A common research workflow looks like this:

  1. Explore and prototype in a Jupyter notebook (small data, quick feedback)
  2. Convert working code into a parameterized .py script
  3. Run experiments at scale via SLURM batch jobs on OSC

This page walks through each stage with concrete examples.

graph LR
    A[Jupyter Notebook<br/>Prototype & Debug] --> B[Python Script<br/>Parameterize & Clean]
    B --> C[SLURM Batch Job<br/>Run at Scale]
    C --> D[Notebook<br/>Analyze Results]

Stage 1: Prototype in a Notebook

Launching Jupyter on OSC via OnDemand

The easiest way to use notebooks on OSC is through the OSC OnDemand portal:

  1. Log in at ondemand.osc.edu
  2. Navigate to Interactive Apps > Jupyter
  3. Select your project account, number of cores, and time limit
  4. Click Launch and wait for the session to start
  5. Click Connect to Jupyter when the session is ready

Use debug resources for prototyping

When iterating on code, request minimal resources (1-2 cores, 1 GPU if needed, 1-2 hours). Save large allocations for production runs.

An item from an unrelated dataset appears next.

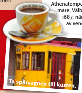
Ta spårvagnen till kusten.
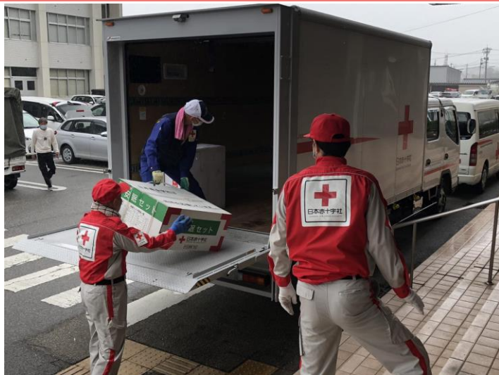
「救援物資を珠洲市役所に搬送する赤十字ボランティア(石川県珠洲市)」

Prototyping Best Practices

Keep your notebook focused on experimentation:

# Cell 1 — Imports and configuration
import torch
import torch.nn as nn
from torch.utils.data import DataLoader
import matplotlib.pyplot as plt
import numpy as np

# Use a small subset for fast iteration
DATA_DIR = "/fs/scratch/PAS1234/$USER/datasets/my_data"
SUBSET_SIZE = 500   # Small subset for prototyping
DEVICE = "cuda" if torch.cuda.is_available() else "cpu"
# Cell 2 — Load a small data sample
dataset = MyDataset(DATA_DIR, max_samples=SUBSET_SIZE)
loader = DataLoader(dataset, batch_size=32, shuffle=True)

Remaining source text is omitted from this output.